• The data
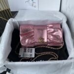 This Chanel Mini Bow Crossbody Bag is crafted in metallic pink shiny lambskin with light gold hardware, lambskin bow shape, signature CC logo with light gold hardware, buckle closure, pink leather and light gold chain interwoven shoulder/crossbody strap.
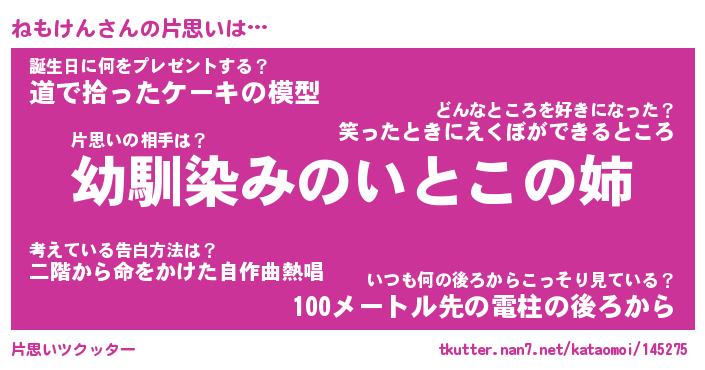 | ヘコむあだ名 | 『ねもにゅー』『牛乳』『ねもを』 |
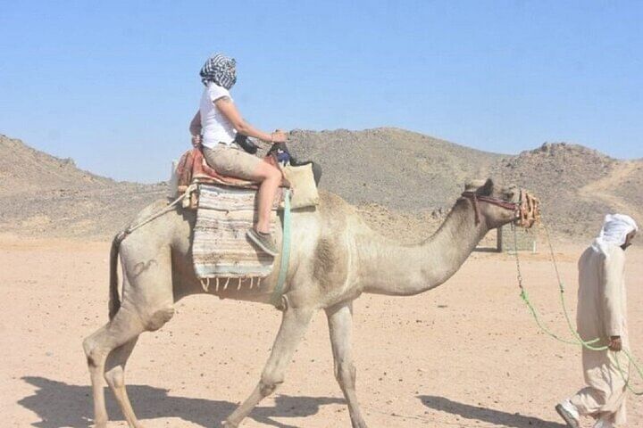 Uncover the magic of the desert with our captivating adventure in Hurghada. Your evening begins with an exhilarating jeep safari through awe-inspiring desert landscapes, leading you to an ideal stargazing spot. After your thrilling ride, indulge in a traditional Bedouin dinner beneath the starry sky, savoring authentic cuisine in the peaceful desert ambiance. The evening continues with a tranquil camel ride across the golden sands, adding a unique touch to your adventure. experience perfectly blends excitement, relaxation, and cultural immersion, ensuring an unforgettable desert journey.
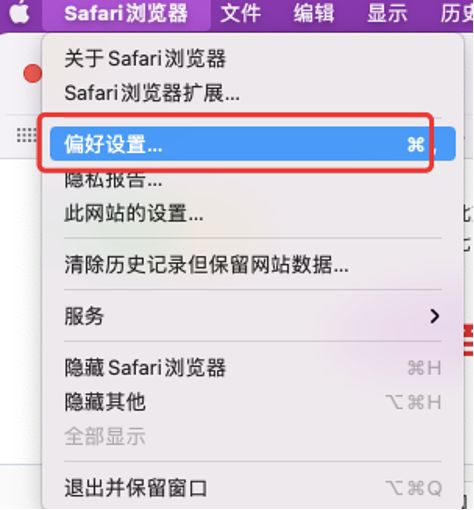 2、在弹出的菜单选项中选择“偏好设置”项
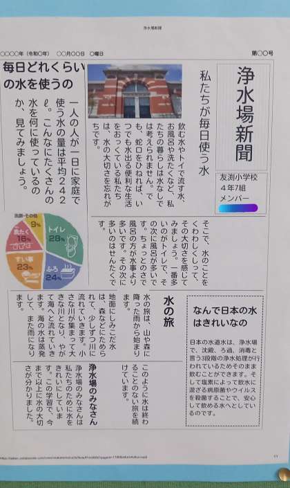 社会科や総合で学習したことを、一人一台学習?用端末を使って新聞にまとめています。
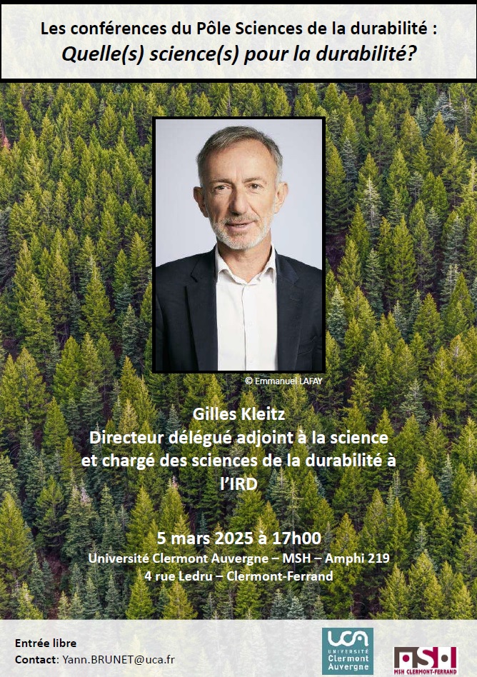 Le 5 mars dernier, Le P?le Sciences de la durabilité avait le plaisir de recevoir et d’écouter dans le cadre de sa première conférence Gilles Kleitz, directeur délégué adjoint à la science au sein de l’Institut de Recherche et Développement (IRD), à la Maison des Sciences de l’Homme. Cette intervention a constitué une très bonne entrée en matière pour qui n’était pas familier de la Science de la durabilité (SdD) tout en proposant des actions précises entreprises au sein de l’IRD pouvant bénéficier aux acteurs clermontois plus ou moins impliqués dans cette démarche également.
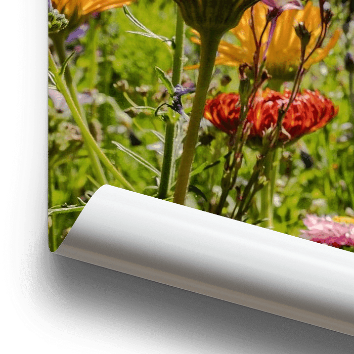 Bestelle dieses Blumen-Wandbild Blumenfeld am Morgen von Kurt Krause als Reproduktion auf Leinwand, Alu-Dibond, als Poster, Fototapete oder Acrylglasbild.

• Assignment
Output the data above exactly, excluding images.

• Problem solution
 This Chanel Mini Bow Crossbody Bag is crafted in metallic pink shiny lambskin with light gold hardware, lambskin bow shape, signature CC logo with light gold hardware, buckle closure, pink leather and light gold chain interwoven shoulder/crossbody strap.
 | ヘコむあだ名 | 『ねもにゅー』『牛乳』『ねもを』 |
 Uncover the magic of the desert with our captivating adventure in Hurghada. Your evening begins with an exhilarating jeep safari through awe-inspiring desert landscapes, leading you to an ideal stargazing spot. After your thrilling ride, indulge in a traditional Bedouin dinner beneath the starry sky, savoring authentic cuisine in the peaceful desert ambiance. The evening continues with a tranquil camel ride across the golden sands, adding a unique touch to your adventure. experience perfectly blends excitement, relaxation, and cultural immersion, ensuring an unforgettable desert journey.
 2、在弹出的菜单选项中选择“偏好设置”项
 社会科や総合で学習したことを、一人一台学習?用端末を使って新聞にまとめています。
 Le 5 mars dernier, Le P?le Sciences de la durabilité avait le plaisir de recevoir et d’écouter dans le cadre de sa première conférence Gilles Kleitz, directeur délégué adjoint à la science au sein de l’Institut de Recherche et Développement (IRD), à la Maison des Sciences de l’Homme. Cette intervention a constitué une très bonne entrée en matière pour qui n’était pas familier de la Science de la durabilité (SdD) tout en proposant des actions précises entreprises au sein de l’IRD pouvant bénéficier aux acteurs clermontois plus ou moins impliqués dans cette démarche également.
 Bestelle dieses Blumen-Wandbild Blumenfeld am Morgen von Kurt Krause als Reproduktion auf Leinwand, Alu-Dibond, als Poster, Fototapete oder Acrylglasbild.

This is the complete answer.